I had heard about cystic fibrosis at some point in my adult life, but I never really thought much about it, how it affected people, or what would happen if I was diagnosed with the disease.
But then, I was hit with a lot of information about cystic fibrosis after I was diagnosed with it at the age of 52.
I don't think there are too many out there who have been diagnosed this late in life. I have heard most people are diagnosed as babies or a little older.
In my younger days, I played organized and backyard baseball and football with my friends. I also played badminton for hours and rode my bike a lot before I got a car in high school. Walking was no problem. Heck, I walked home about a mile from junior high every day. And in college, I would walk around Penn State's huge main campus to get to my classes.
I had a cough when I was a little kid and I would get bronchitis a couple times a year starting in my 20s -- it took me longer to recover each time. My lung doctor diagnosed me with bronchiectasis in my 30s, but nothing was ever said about CF.

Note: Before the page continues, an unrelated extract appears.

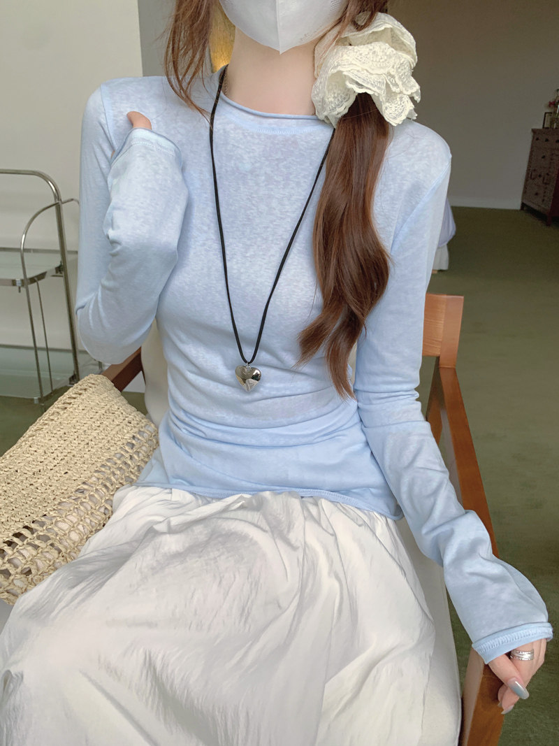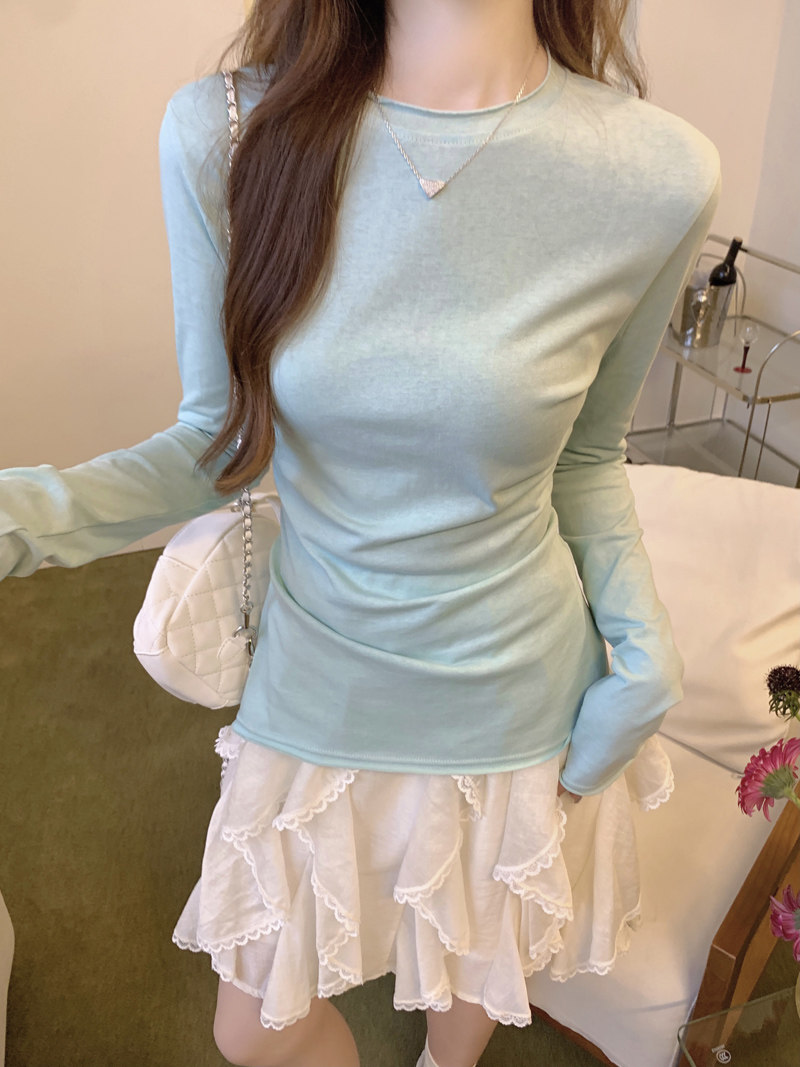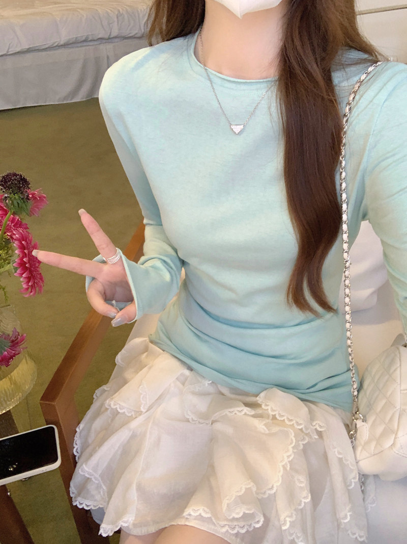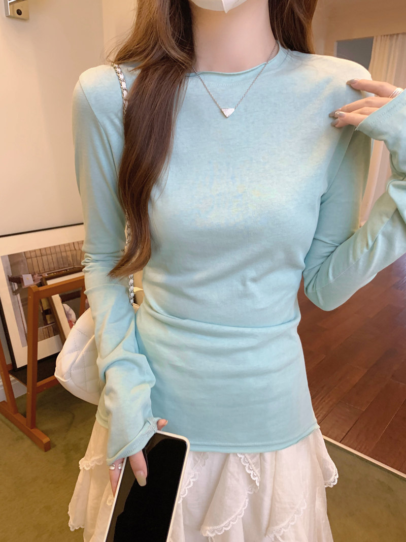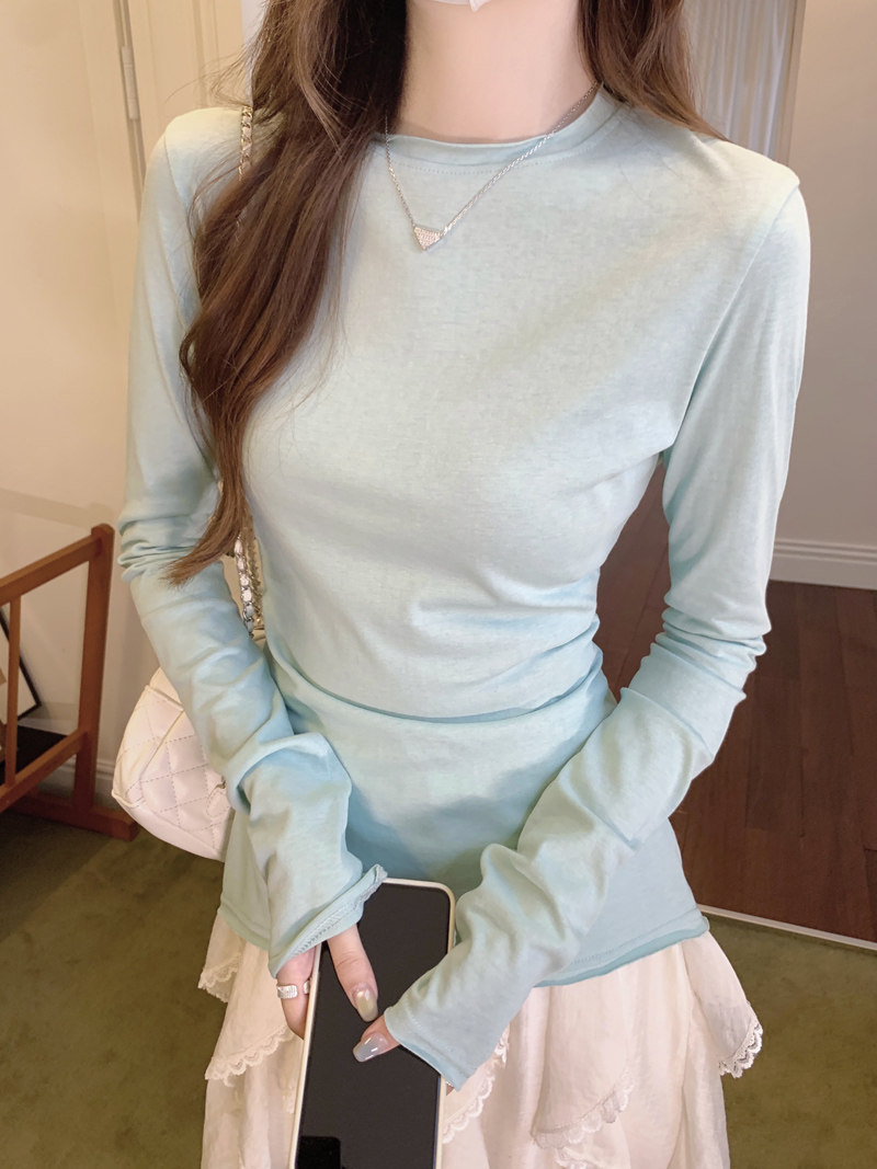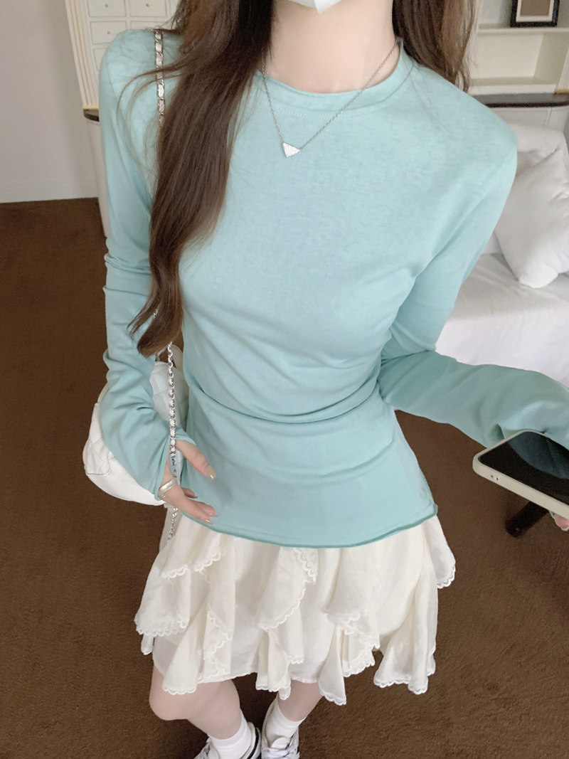 Korean-Style Fresh Mint Green Long-Sleeve T-Shirt for Women, Spring and Summer Thin Slim-Fit Sun-Protective Cover-Up, Simple Versatile Top

It was only later that I would have the extreme symptoms that eventually led to that shocking revelation.
I woke up on the morning of Dec. 30, 2019 and couldn't breathe - I was coughing up blood, and I asked a relative to call 911 for me. I took my first ambulance ride that day to the hospital a half hour away from my home. It felt like I had pneumonia, but I was diagnosed with the flu and admitted.
Over the four-day stay, the doctors started nudging me toward considering a lung transplant, but all I wanted to do was to get out of the hospital and get back home. I lived with my elderly mom, who has dementia and was alone while I was away, except for when good neighbors checked on her. During all of this -- and right before the coronavirus pandemic hit -- I had to put my mom into a nursing home because of her worsening dementia.
I had a telehealth appointment with my pulmonologist a few months after the hospital stay and, again, he mentioned the topic of lung transplant. I agreed to look into it. Later that day, I got a call from a contact at the University of Pittsburgh Medical Center (UPMC) to talk about a lung transplant. She said I would need a caregiver who lived nearby before we even scheduled an appointment to discuss a transplant.
I texted my sister, Tina, about the phone call and she immediately said she and her family would move from their home in Indiana to help me out. I was shocked by the offer and, ultimately, grateful that she moved six hours east to be near me.
After Tina, brother-in-law Caleb, niece Sarah, and her boyfriend Hunter moved, Tina and I went to Pittsburgh in August 2020 for a five-day lung transplant analysis, where I went through many tests. As I suspected, though, they said I was too healthy for the transplant list.
The last day of the evaluation, Dr. Pilewski said he suspected I may have CF. As the lead doc for the UPMC CF team, he scheduled me for a sweat test at Children's Hospital in Pittsburgh.
I took the test -- which really didn't involve sweating -- and a few days later I found out the diagnosis was CF. I was, again, shocked. Neither my late dad nor my mom had CF, but they apparently had passed the gene down to me.
A contact from the CF care team scheduled an appointment for me to meet the group. She suggested that I shouldn't do any internet research before the appointment because too much internet medical research can lead to unnerving reading. My jobs as a content writer and as a newspaper sports stringer involve heavy internet research, so staying off the internet was challenging. I did refrain from researching CF though, because I knew my situation could be different than somebody else's.
I'm a positive person, which has helped me during my share of troubled family times, so I decided to wait until I met with the CF team in September in Pittsburgh to take it all in. My head was swirling with information overload by the end of the meeting. I took a genetics blood test at the appointment.
A team member explained that I'd be prescribed Trikafta®, a new drug that could potentially do wonders, if I was eligible.
I eventually qualified for the drug, and I noticed right away the junk in my lungs was loosening. I still have breathing problems, but Trikafta certainly helps me in conjunction with breathing treatments.
I have good and bad breathing days. Taking the stairs leave me breathless sometimes -- I still think about the morning a few years ago, before my diagnosis, when I lost my breath simply walking up a couple flights of steps to my office. Climbing stadium steps to report on high school football games in 2020 led to some scary breathing situations and altered the way I cover the games. I'm fortunate that I'm now allowed to work remotely.
I've always been independent, but I'm thankful that Tina and her family are nearby and can help me out when I need it. I try to stay positive, exercise at the local YMCA because I think staying active helps, wear my mask, and continue my daily CF-fighting regimen of meds, nebulizers, and a Smart Vest.
I also have faith that finding out at 52 I have CF is all in God's plan.
Being that I only found out I had CF late in the summer of 2020, I feel like I'm a work in progress.